Evaluate the certified cross entropy and test accuracy:

```bash
python weights_training.py --load $DIR --norm 2  --bound_type CROWN-IBP --batch_size 500 --verify
```

### FashionMNIST

Similarly for FashionMNIST with a different dataset argument:

```bash
cd examples/vision
python weights_training.py --data FashionMNIST --norm 2 --ratio 0.1 --bound_type CROWN-IBP --batch_size 500 --lr_decay_milestones 3700 4000 --scheduler_opts start=200,length=3200 --opt SGD --lr 0.1 --eps 0.05
```

### Scalability

We provide multi-GPU training and **Loss Fusion** in our framework to improve scalability.

All experiments on Transformer/LSTM and other vision models on MNIST dataset
can be conducted on a single Nvidia GTX 1080Ti GPU.

Certified training on CIFAR-10 dataset with **Loss Fusion** can be conducted
on two Nvidia GTX 1080Ti GPUs with batch size = 256.  By contrast, the batch
size can only be set to 64 (or lower) without **Loss Fusion**.

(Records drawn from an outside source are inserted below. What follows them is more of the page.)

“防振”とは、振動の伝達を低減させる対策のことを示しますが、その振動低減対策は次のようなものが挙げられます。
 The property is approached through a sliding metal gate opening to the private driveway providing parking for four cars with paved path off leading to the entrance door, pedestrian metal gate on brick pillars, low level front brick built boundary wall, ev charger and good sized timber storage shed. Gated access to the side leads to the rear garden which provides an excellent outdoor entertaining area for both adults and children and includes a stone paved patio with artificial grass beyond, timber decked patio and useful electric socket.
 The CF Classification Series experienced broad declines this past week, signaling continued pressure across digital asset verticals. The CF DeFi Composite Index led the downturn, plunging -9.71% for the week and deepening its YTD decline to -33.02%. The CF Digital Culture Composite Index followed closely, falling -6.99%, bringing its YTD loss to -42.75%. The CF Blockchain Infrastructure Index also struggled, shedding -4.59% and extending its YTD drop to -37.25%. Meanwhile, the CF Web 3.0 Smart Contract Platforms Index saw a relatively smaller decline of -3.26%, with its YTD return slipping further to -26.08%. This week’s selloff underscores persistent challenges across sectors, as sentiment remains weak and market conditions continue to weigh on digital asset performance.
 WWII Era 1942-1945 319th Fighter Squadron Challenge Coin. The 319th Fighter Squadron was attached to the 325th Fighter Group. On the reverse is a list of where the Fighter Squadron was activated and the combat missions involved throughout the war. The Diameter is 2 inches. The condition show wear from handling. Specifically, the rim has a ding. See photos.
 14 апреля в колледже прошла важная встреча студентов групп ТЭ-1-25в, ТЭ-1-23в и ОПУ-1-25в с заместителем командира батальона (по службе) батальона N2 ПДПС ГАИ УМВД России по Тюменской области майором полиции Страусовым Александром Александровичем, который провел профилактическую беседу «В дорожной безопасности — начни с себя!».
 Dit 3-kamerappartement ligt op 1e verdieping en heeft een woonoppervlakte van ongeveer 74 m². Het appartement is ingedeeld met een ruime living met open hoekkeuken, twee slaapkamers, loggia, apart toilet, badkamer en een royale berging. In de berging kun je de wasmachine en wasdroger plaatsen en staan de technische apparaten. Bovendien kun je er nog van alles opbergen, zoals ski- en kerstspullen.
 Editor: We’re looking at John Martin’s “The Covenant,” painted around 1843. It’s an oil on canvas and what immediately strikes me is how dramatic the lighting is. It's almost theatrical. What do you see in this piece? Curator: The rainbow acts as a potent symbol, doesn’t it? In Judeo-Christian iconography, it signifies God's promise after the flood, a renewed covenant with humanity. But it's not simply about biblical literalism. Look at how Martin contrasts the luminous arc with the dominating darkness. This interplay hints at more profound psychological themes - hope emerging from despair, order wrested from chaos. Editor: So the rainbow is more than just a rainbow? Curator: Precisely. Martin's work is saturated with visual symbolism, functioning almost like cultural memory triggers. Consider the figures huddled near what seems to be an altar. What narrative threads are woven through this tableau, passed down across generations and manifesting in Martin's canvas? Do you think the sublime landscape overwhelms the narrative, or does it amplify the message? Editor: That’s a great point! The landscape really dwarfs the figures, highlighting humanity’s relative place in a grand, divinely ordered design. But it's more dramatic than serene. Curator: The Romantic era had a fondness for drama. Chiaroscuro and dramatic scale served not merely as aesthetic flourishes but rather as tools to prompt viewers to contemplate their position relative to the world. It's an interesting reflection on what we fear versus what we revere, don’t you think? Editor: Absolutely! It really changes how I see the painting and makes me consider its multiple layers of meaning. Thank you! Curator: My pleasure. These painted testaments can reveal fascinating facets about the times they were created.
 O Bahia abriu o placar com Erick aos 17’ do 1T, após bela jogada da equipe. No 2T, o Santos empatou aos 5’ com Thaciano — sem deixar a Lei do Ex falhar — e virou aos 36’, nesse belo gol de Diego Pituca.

Certified training on Tiny-ImageNet dataset can be conducted on four Nvidia GTX
1080TI GPUs only with **Loss Fusion**. The batch size can be  set as 100~256
depends on the model.

## Language Models

Please follow [this example](examples.html#certifiably-robust-language-classifier-with-transformer-and-lstm) to prepare the data. And we have two environment variables:

- `DIR`: the path of the directory to save or load the trained model.
- `BUDGET`: the budget for synonym-based word substitution (for testing certifiably trained language models only, set to 1~6 in our paper).

To run the experiments:

### LSTM

Regular training:

```bash
python train.py --dir=$DIR --num_epochs=10 --model=lstm --lr=1e-3 --dropout=0.5 --train
python train.py --dir=$DIR --model=lstm --load=$DIR/ckpt_10 --robust --method=IBP|IBP+backward|forward|forward+backward # for verification
```

IBP training:

```bash
python train.py --dir=$DIR --model=lstm --lr=1e-3 --robust --method=IBP --dropout=0.5 --train
python train.py --dir=$DIR --model=lstm --load=$DIR/ckpt_25 --robust --method=IBP # for verification
```

LiRPA training:

```bash
python train.py --dir=$DIR --model=lstm --lr=1e-3 --robust --method=IBP+backward_train --dropout=0.5 --train
python train.py --dir=$DIR --model=lstm --load=$DIR/ckpt_25 --robust --method=IBP+backward # for verification
```

### Transformer

Regular training:

```bash
python train.py --dir=$DIR --num_epochs=2 --train
python train.py --dir=$DIR --robust --method=IBP|IBP+backward|forward|forward+backward # for verification
```

IBP training:

```bash
python train.py --dir=$DIR --robust --method=IBP --train
python train.py --dir=$DIR --robust --method=IBP # for verification
```

LiRPA training:

```bash
python train.py --dir=$DIR --robust --method=IBP+backward_train --train
python train.py --dir=$DIR --robust --method=IBP+backward # for verification
```

### Other options

You may add `—budget OTHER_BUDGET` to set a different budget for word substitution.